# How to find Geographic location from Email header



## squid (Nov 15, 2006)

I want to know how to find the actual geographic location of the sender from the E-mail header. When i open the message header some of the messages have the IP address using which we can trace back. but some of the message headers don't have this IP address and instead they have the originating server name. Does anyone know how to get the IP address/ Location from this ID. 
I also want to know if there is any plugin for thunderbird/Mozilla for this one.

regards


----------



## cyberscriber (Nov 16, 2006)

try this hxxp://emailtrackerpro.visualware.com/


----------



## vinookanth (Nov 16, 2006)

good one


----------



## squid (Nov 16, 2006)

thanks for that one.


----------



## the.kaushik (Nov 18, 2006)

nice one


----------



## s18000rpm (Nov 18, 2006)

@CyberScriber == Super!!!

You deserve repping for this.


----------



## birdie7015 (Feb 7, 2009)

cyberscriber said:


> try this hxxp://emailtrackerpro.visualware.com/


 
If I were to buy this software would it do the complete job.

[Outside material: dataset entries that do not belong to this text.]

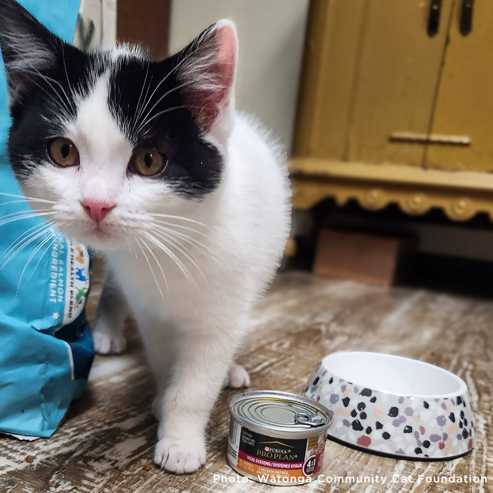This orphaned kitten was living in a truck for a week before he was rescued. He was taken in by a foster family who fed him nutritious food, thanks to your donations. He continues to grow and thrive.
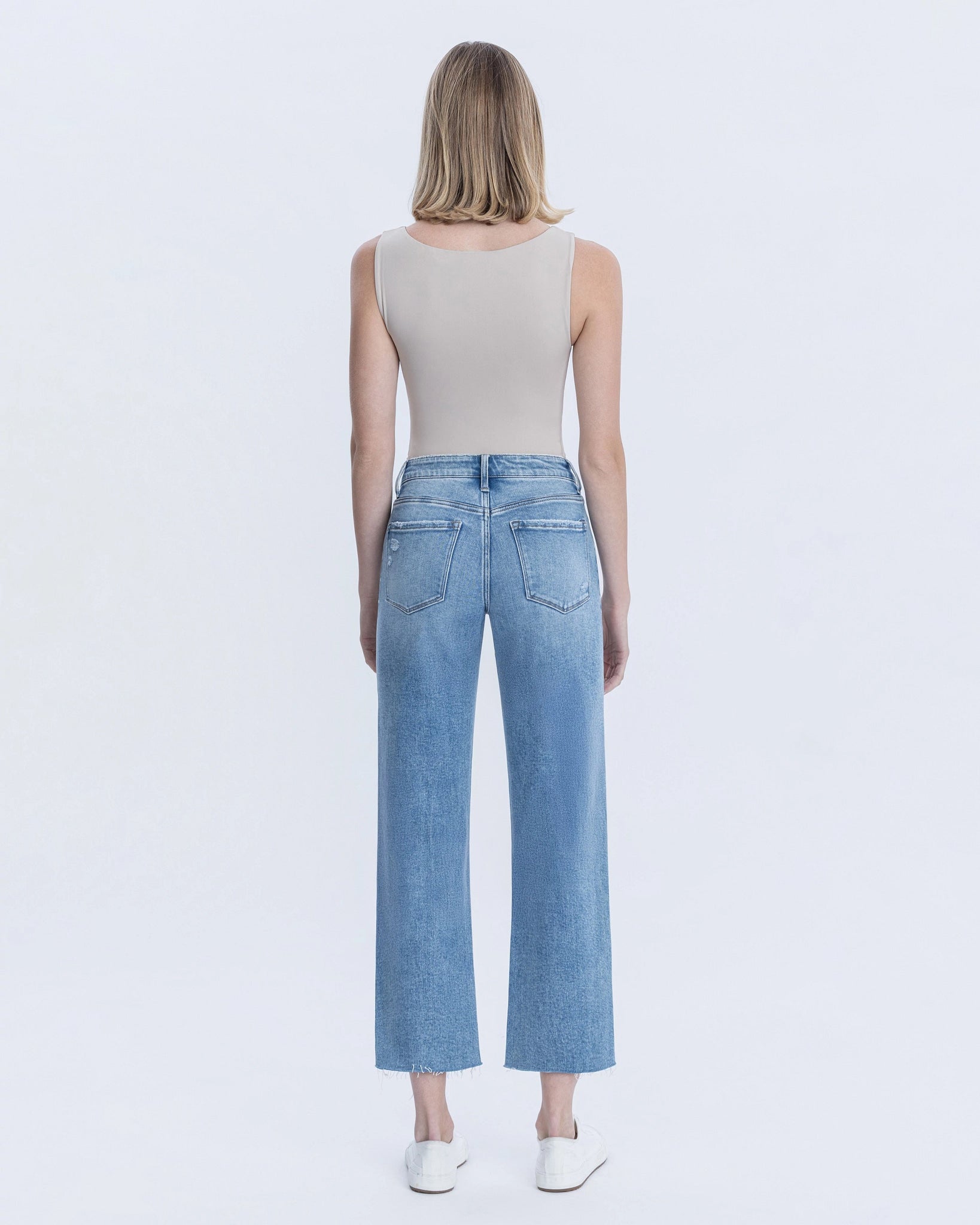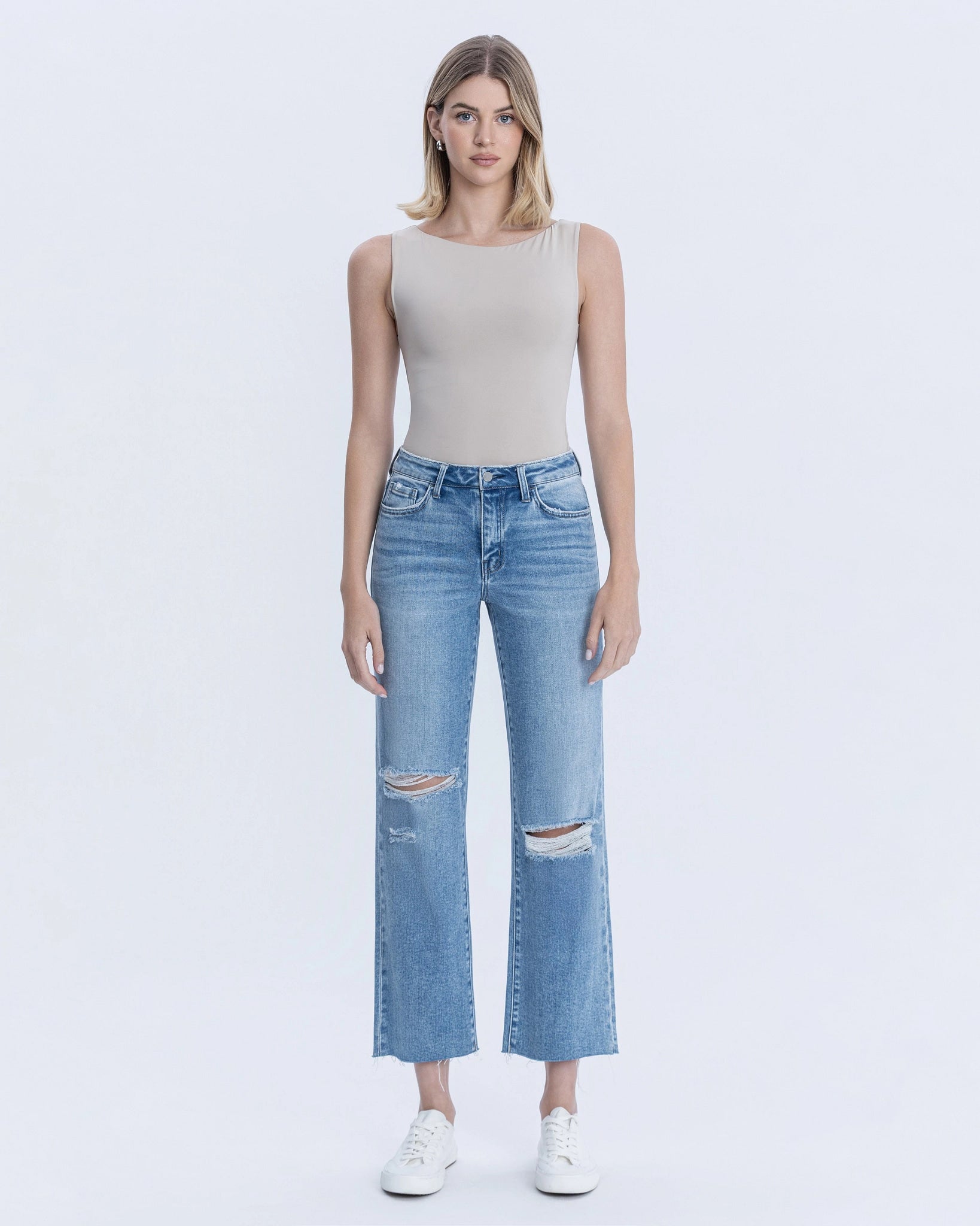 These distressed jeans are sure to be your favorite off-duty staple. Flattering slim wide-leg fit with ripped knees and a frayed hem. Made of comfy denim with just-right stretch.
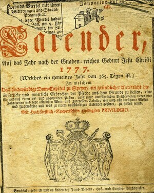 Hochfürstlicher Speyerischer Hof,- Stadt,- Land- und Geschichtskalender für das Jahr 1777
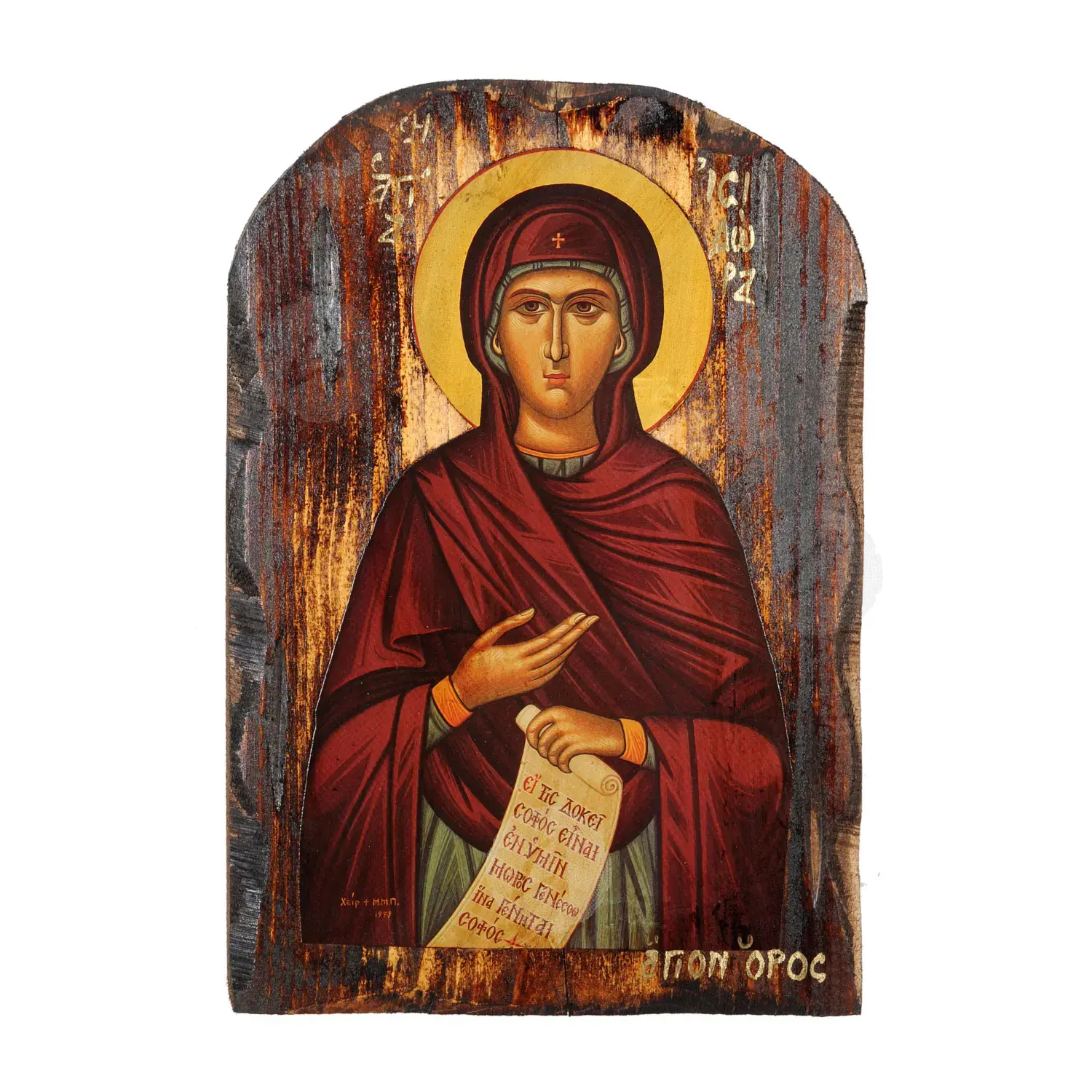 Mount Athos weathered lithography (icon) of Saint Isidora the Fool For Christ in pine wood with carved decoration.

I have been using a site that will give me the location from email headers except that yesterday for the first time it simply said sattelite in place of the country.  I used to use this page:

*headertool.apelord.com/

It turns out that it is a sky email address but doesn't give the country of origin.

I get a lot of scammer email asking for friendship so I might be prepared to buy the software if it will give me the location as it will save me a lot of time and trouble.


----------